Permutations Ok, the key is that you are trying to find the number of ways you can win, that is, select the four numbers in order / number of total ways to select any numbers. Because order matters this makes it permutations. We have 37 total numbers and we want to take 4 at a time. So on your calculator this is 37 Math Arrow over to PRB Down to nPr 4 Enter

Permutations And you should get 1585080 and you can only win one way, so the probability is 1/1585080.  Long way would be P(37,4) = 37! / (37-4)! = 37! / 33! = 37*36*35*34*33!/33! = 37*36*35*34 = 1585080.

Permutations Given: 20 babies were born and 18 were boys.
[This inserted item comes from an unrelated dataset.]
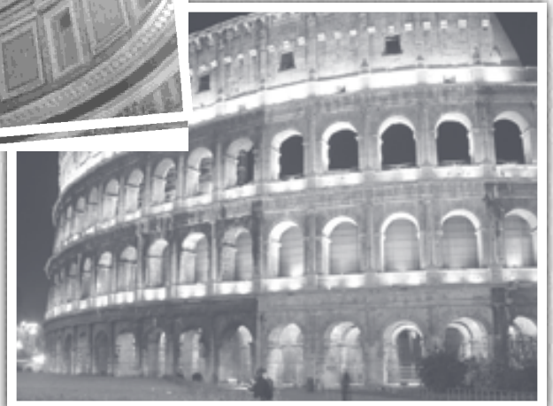
The Colosseum, Rome

Find the number of different possible sequences of genders that are possible when 20 babies are born. Ok, there can only be two things (we hope) that can occur.  A boy or A girl. So the possible sequences then would be 2 ways for the 1st child AND 2 ways for the 2nd child......*2 ways for the 20th child or 2^20 = 1048576

Permutations How many ways can 18 boys and 2 girls be arranged in sequence. The key word is arranged.  Does order matter?  It didn't say so this is the use of Combinations.  On the TI-83 (or 84) type 20 and then press the MATH button, arrow to the PRB and down to nCR and ENTER and then type 18 and ENTER. If 20 babies are randomly selected, what is the probability that they consist of 18 boys and 2 girls? P(18 boys and 2 girls) = # of ways to get 18 boys and 2 girls / # ways to get 20 kids which we just found 190 / 1048576 = 0.0001812 Does the gender-selection method appear to yield results that is significantly different from a result that might be expected by random change?  Certainly because this is a very small probability.